**Task item:**
What is needed is the exact text of each line in the listing below from the one with "据天眼查显示,山西聚源煤化已" up to and including the one with "- Step 2 Shake", and no pictures.

----------

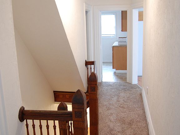 Main level offers bedroom with laminate flooring, large windows, full bathroom, and huge closet. Giant living area connects to equipped, eat-in kitchen with fridge, stove, and dishwasher. In-unit laundry room with electric hookups, folding counter, and storage cabinets. Top floor loft-style bedroom features 2-alcoves/closets and en-suite full bath. Two off-street parking spaces in back of building. Easy access to busline. Just 3 blocks from Waterworks Mall & St. Margaret's Hospital. SUPER close to I-28 and Highland Park Bridge Owner pays for sewer, water, and parking. TENANT TO BE BILLED ON HVAC PER SQ. FT
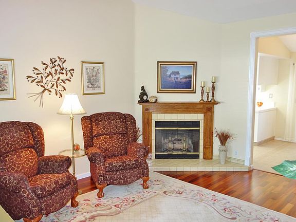 This pristine all one level ''cottage'' is in one of the best locations in the complex! Tucked away at the end of a cul-de-sac it also has a wonderful large private yard and a 2 car attached garage which is the only common wall. Updates in large kitchen, baths, custom fireplace, cathedral ceilings, gorgeous wood floors, tile, some newer windows, newer paint and MUCH more! This one is SPECIAL!
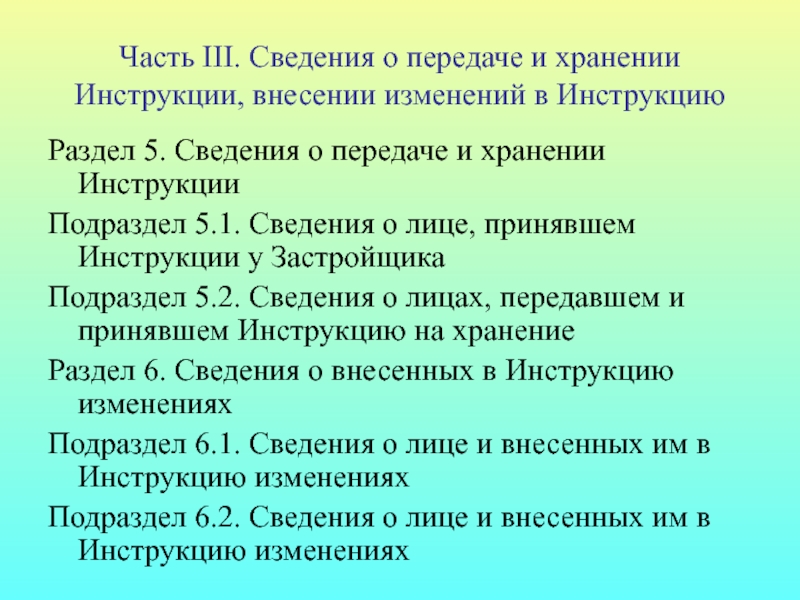 Часть III. Сведения о передаче и хранении Инструкции, внесении изменений в Инструкцию
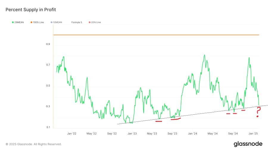 At the time of writing, Glassnode’s percent of supply in profit—used to measure the profitability of altcoins using a basket of 29 altcoins—shows that only 32% of these altcoins are in profit. This means about nine of these assets are profitable.
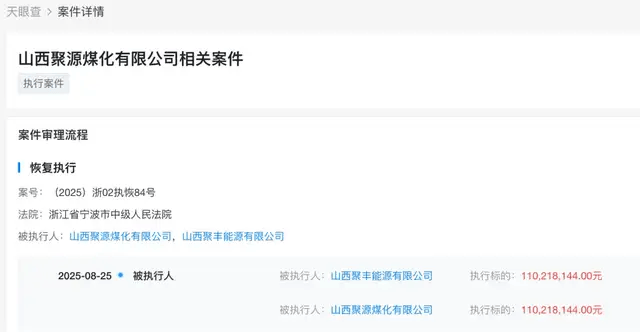 据天眼查显示,山西聚源煤化已于2025年8月被浙江省宁波市中级人民法院列为被执行人,执行标的1.1亿元。
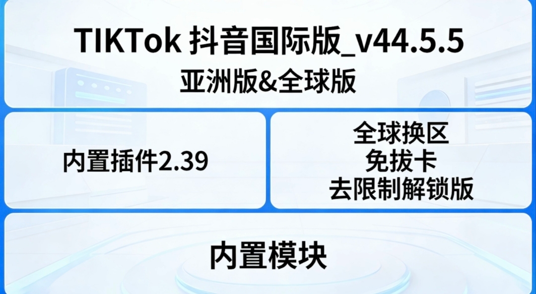 1、本贴标题:TikTok 抖音国际版 v44.5.5 全球版|免拔卡 全球换区 无限制解锁版 [2.4G]
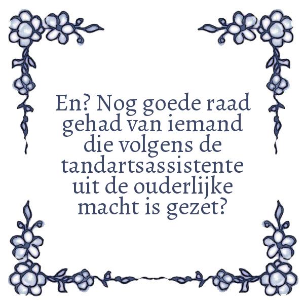 En? Nog goede raad gehad van iemand die volgens de tandartsassistente uit de ouderlijke macht is gezet?
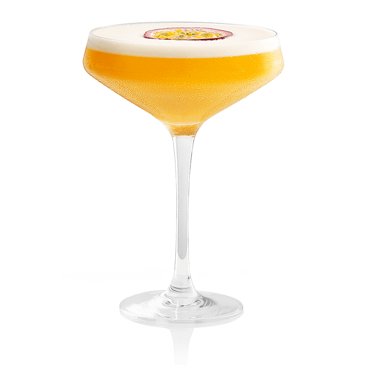 - Step 2 Shake for a minute or two. Strain into a chilled Martini glass. Serve with a passion fruit half to float on top.
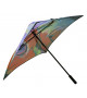 .Double baleinage en acier au carbone.Mécanisme d’ouverture/fermeture sécurisé, sans ressort.Mât diam 14mm, aluminium anodisé laqué noir.Toile 100% polyester.Impression par sublimation (sauf unis), brillance, intensité et durabilité des couleurs, vision du motif par transparence sous le parapluie.Traitement au téflon, imperméable, déperlant, anti moisissure, séchage rapide.Protection UV 50+ .Finition ganse et fermoir auto-agrippant.Bandoulière sac à dos amovible, modèle déposé

----------

**Answer section:**
 据天眼查显示,山西聚源煤化已于2025年8月被浙江省宁波市中级人民法院列为被执行人,执行标的1.1亿元。
 1、本贴标题:TikTok 抖音国际版 v44.5.5 全球版|免拔卡 全球换区 无限制解锁版 [2.4G]
 En? Nog goede raad gehad van iemand die volgens de tandartsassistente uit de ouderlijke macht is gezet?
 - Step 2 Shake for a minute or two. Strain into a chilled Martini glass. Serve with a passion fruit half to float on top.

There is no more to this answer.